The incredible response I have experienced in my body, to my change in mindset. The healing that has taken place, the lack of bleeding and the causes of it. That I don’t seem to have any signs of brain damage and the difficulty in balance, that was a possibility at one point. The enjoyment I get out of sitting with friends on a beautiful evening, drinking water, not alcohol.


Grateful, because I could go to a gym and exercise, although I’d lost so much of my muscle mass. That I have friends that were prepared to help me on this journey, to encourage me, introduce me to new experiences. I’m fit enough to cycle, both locally and abroad, loving and living life. I’m no longer the man, that gets out of bed in the morning feeling drained and anxious.

When I wake in the morning, I’m happy to be alive. Looking forward to the day ahead, being the creator of the day, not the passenger. No longer thinking, what time can I get to the pub and stop feeling this way. The interest in learning I now possess, something that was absent for so long.


The interaction I have with friends, old and new, the constructive inclusion in activities, without the feeling of, I don’t belong. Being fortunate to be Involved with charitable organisations and people.

Something I always I believe, took for granted. The relationship I have with my family again, previously, it was simply normal to me, having a healthy relationship.
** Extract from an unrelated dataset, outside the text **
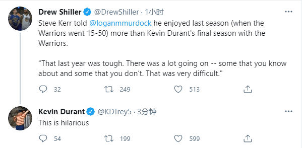 科尔享受上赛季,比杜兰特在勇士最后一年还要享受更多,对此杜兰特发推写道:这太可笑了。

I am so grateful; we have had this opportunity to make new memories together.

I love to spend time around friends and family, while I enjoy spending lots of time alone. Something that I was never comfortable with, being comfortable in my own company. I’m grateful for the new relationship I have with myself and life, the outlook and lack of fear.

Being grateful that, I am no longer angry, insecure and stressed, hiding these issues, using alcohol.

Life in many ways, has become a cliché. I am able, to live in the present moment, with all the issues I suffered with for many years, gone. That I have the confidence, not to get in the way of me being authentic, no matter what society has to say about it. I love the fact, I enjoy food, eating many different varieties, in many different venues.

 There are so many more things in life, I am grateful for, to be alive and living it, is fantastic.